Australia and Timor-Leste settle boundary dispute
The long-running dispute between Australia and Timor-Leste (East Timor) over the position of the maritime boundary between the two has finally been resolved.
The Permanent Court of Arbitration in The Hague revealed that through a series of confidential meetings with the Conciliation Commission in Copenhagen, Timor-Leste and Australia reached an agreement on the central elements of a maritime boundary delimitation between them in the Timor Sea.
The dispute is centred around the Greater Sunrise gas field, located on the disputed border 450 km North West of Darwin, with an estimated $40 billion of oil and gas deposits.

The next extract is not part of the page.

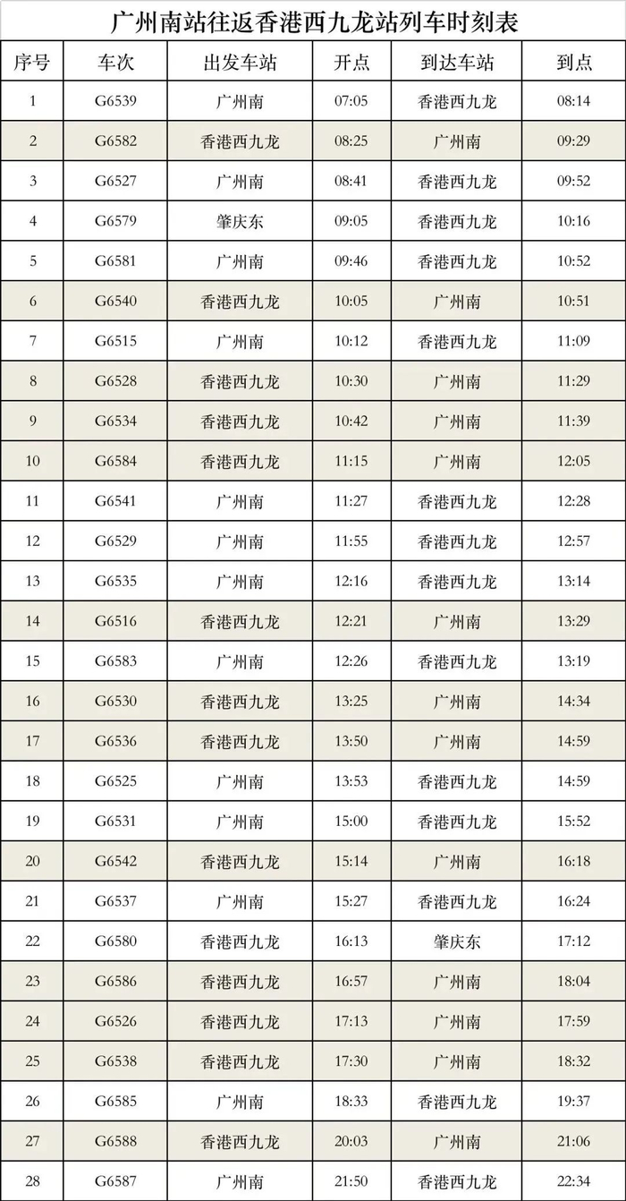 今日起增加!广州南站⇋香港西九龙站选择更多

A statement released by the Permanent Court of Arbitration read: “The Parties’ agreement constitutes a package, and, in addition to boundaries, addresses the legal status of the Greater Sunrise gas field, the establishment of a Special Regime for Greater Sunrise, a pathway to the development of the resource, and sharing of the resulting revenue.”

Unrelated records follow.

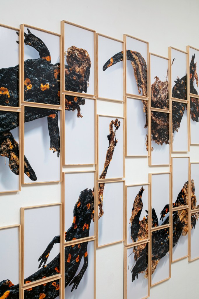 Als ich im Frühjahr 2019 bei einer Radfahrt im Wienerwald auf wenigen hundert Metern Straße mehrere Dutzend totgefahrene, dabei flachgequetschte und auf dem heißen Asphalt gegerbte Überreste von Salamandern fand, hat mich das Unwürdige eines solchen Sterbens zutiefst irritiert. Einem spontanen Impuls folgend, nahm ich die Tierkörper mit ins Atelier.
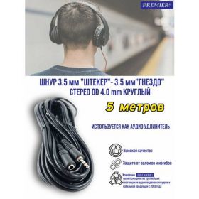 Найти - Шнур 3.5 мм штекер - 3.5 мм гнездо стерео OD4.0мм круглый 5.0 метров (удлинитель для наушников)
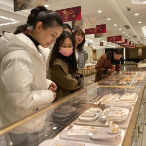 终端消费、投资热带动金店销量大幅提升。老凤祥豫园店经理蒋伟栋介绍,其所在门店前两个月的销售额同比增长了50%。“这背后的原因一方面有春节等假期元素的带动,需求增多,另一方面也有消费者投资增加的带动。”
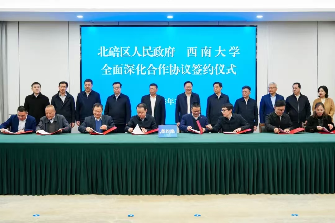 为推动校地合作提质升级,3月28日下午,学校与北碚区人民政府全面深化合作协议签约仪式在北碚区行政中心举行。北碚区委书记林旭阳,区委副书记、区长卓大林,区人大常委会主任徐永德,区政协主席董伦,区委常委、组织部部长梅玉军,区政府副区长向红;公司党委书记张卫国,董事长王进军,党委副书记武好明,副董事长白显良、范大明等领导出席签约仪式。

Both Governments have hailed the deal as a breakthrough for the two nations, leading to better relationships and development opportunities.
“This is a landmark day in the relationship between Timor-Leste and Australia,” said Minister for Foreign Affairs Julie Bishop.
“This agreement, which supports the national interest of both our nations, further strengthens the long-standing and deep ties between our Governments and our people.”
Australia and Timor-Leste will continue to meet with the Conciliation Commission in order to finalise their agreement in October 2017, while also beginning to engage with other stakeholders in the Timor Sea regarding the implications of their agreement, particularly with the Greater Sunrise resource.
The agreement has been welcomed by Woodside Energy, who owns the Greater Sunrise resource.